California is America's Greece

To think that Greece's troubles are an ocean and a sea away from where we stand in North America is to have your head in the Mediterranean sand.  In Greece we have

  • a near bankrupt, over-indebted, overspending nanny state, drowning in future liabilities;
  • where civil servants are pampered and overpaid;
  • in which unions are demanding a continuation of their inflated wages and entitlements; and
  • productive individuals and businesses are leaving for more favorable climes.

Where have we heard all this before? Ah yes: California.

California is our Greece, and New York is our Italy.

The PIIGS, as they are called, being the fiscally fragile EU sub-community of Portugal, Italy, Ireland, Greece, and Spain (with Britain not far behind), are all countries facing potential financial collapse. They bought into -- or by joining the EU, were brought into -- the great 20th-century political model of the social democracy. This is a model that holds that the state, or the government, is the umbrella under which all its people gather and are protected. The proponents of this view include most if not all of the modern Western democracies.

It seems that this form of governance is showing symptoms of a fatal disease. That is not to say that capitalism is ill, but that "social democracy" is finally succumbing to the flesh-eating disease called sustainability. Those with a strong manufacturing base, like Germany, could linger on, although present-day economic pacts (and birthrates) will make that difficult.

Resource-rich countries like Canada should be prosperous, but instead of having the economy of Alberta nationwide, it has the debt of every other social democracy because it practices the politics of Quebec.

England's grand fall from imperialism to the present is a more complicated tale, but its history from the Second World War through today is a lesson that the U.S. cannot afford to ignore. Here are two words to get you started: automobile industry. The social engineering practiced by the Brits has not only bankrupted the country financially, but it has also brought the mother island to the point where cultural bankruptcy is also a strong possibility.

The USA has future financial liabilities somewhere between 57 and 64 trillion dollars. How does each and every one of its individual citizens feel about owing half a million dollars?

The question that needs to be asked is what went wrong. Who screwed up?

Recently, and far too often, economists have been polishing their favorite theories with very partisan rags. They consequently have too few responses that would provably answer those questions.

(Am I the only one who has come to look at these guys as the most inept group of soothsayers that has ever attempted to peer through tomorrow? How many actually foresaw what they all now claim was the inevitable recent financial collapse? Perhaps two.)

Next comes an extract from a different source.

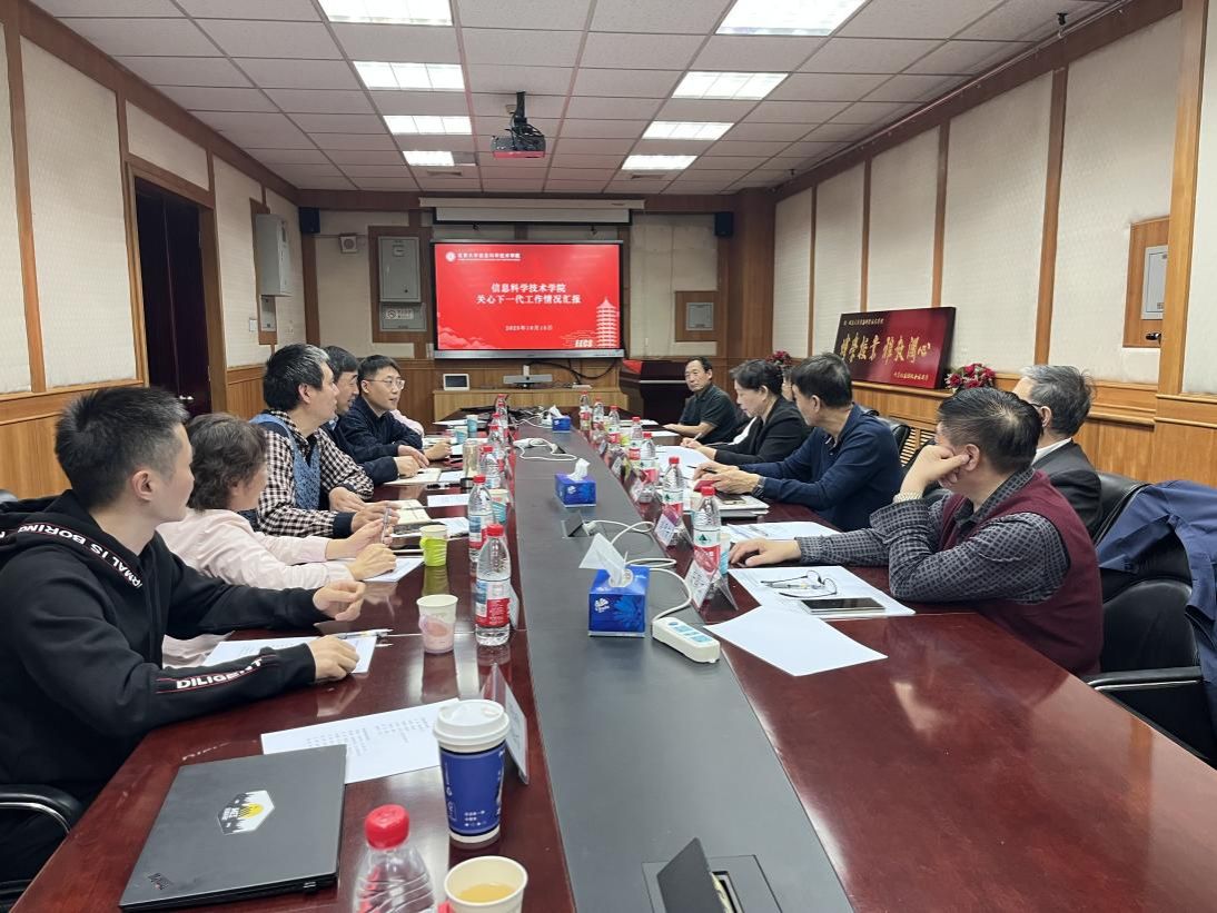 (简称“信科学院”),专题调研指导信科学院“五好”基层关工委建设工作。座谈会在理科二号楼2111举行,双方围绕深入贯彻落实立德树人根本任务,进一步发挥“五老”优势,赋能信科学院人才培养工作进行了深入交流。校关工委副主任郝光安、宋豫秦,委员刘寿安、刘宝栓、张蓓、安国江,信科学院党委书记、关工委主任严敏杰,副院长、关工委副主任邓斌,党委副书记、关工委副主任贾方健等学院关工委成员共同参会。

Politicians will blame the failure on those across the aisle. Leftists are blaming it on capitalism. Those on the right point a finger at socialism and bloated government. Many voters will accuse a corrupt system where special interests and lobbyists have replaced "we the people." Most will probably confess that they just don't know, or repeat some nonsense they saw in the paper. You've probably read recently what some pundits have suggested. We are struggling, they say, because of the stupidity of people who don't know what is good for them.

A few years ago, George Carlin, in a sit-down with Dennis Miller, posited that he looked down at the world from a perch well above the fray, laughing, and thought that the people he saw were extremely stupid.

Looking at our world from a larger perspective is not something we the people have done enough of. That is, we are not often forced to examine where we are politically relative to where we've been and where it all might lead. Yes, of course people have lives to lead. We are very busy.

Carlin was a cynic -- or I should say that he was a funny cynic. But he taught some good lessons. We have for decades muddled about in the middle, compromising, being bipartisan, and working the hell out of the smaller worries, and we haven't taken a moment to see that we've incrementally gone from Tocqueville's empowered citizens in get-things-done communities to neutered whiners in a nanny state that has a banana-republic future.

Secondly, and you saw this coming, we are to blame -- we the people of the western democracies. We, most of us, have been very stupid. Great things have surely been done inside and outside the political arena. But we have let a lot slide.

Those in Europe dropped their continent so deep in the muddle that it is veering away from democracy together with its ruling elite. Canada is in neutral. Mr. Obama has turned on the flood lights in America and shocked a number of us awake.

The questions are:

  • Is it possible for a country designed to resist radical political shifts to roll back decades of policy and uncover the flame at the core of a great nation, the embers of which still burn in some of our hearts?
  • Are there enough of us able to stay awake long enough, and be tough enough, to carry this through?

Removing the "social" from the democracy may be a long journey.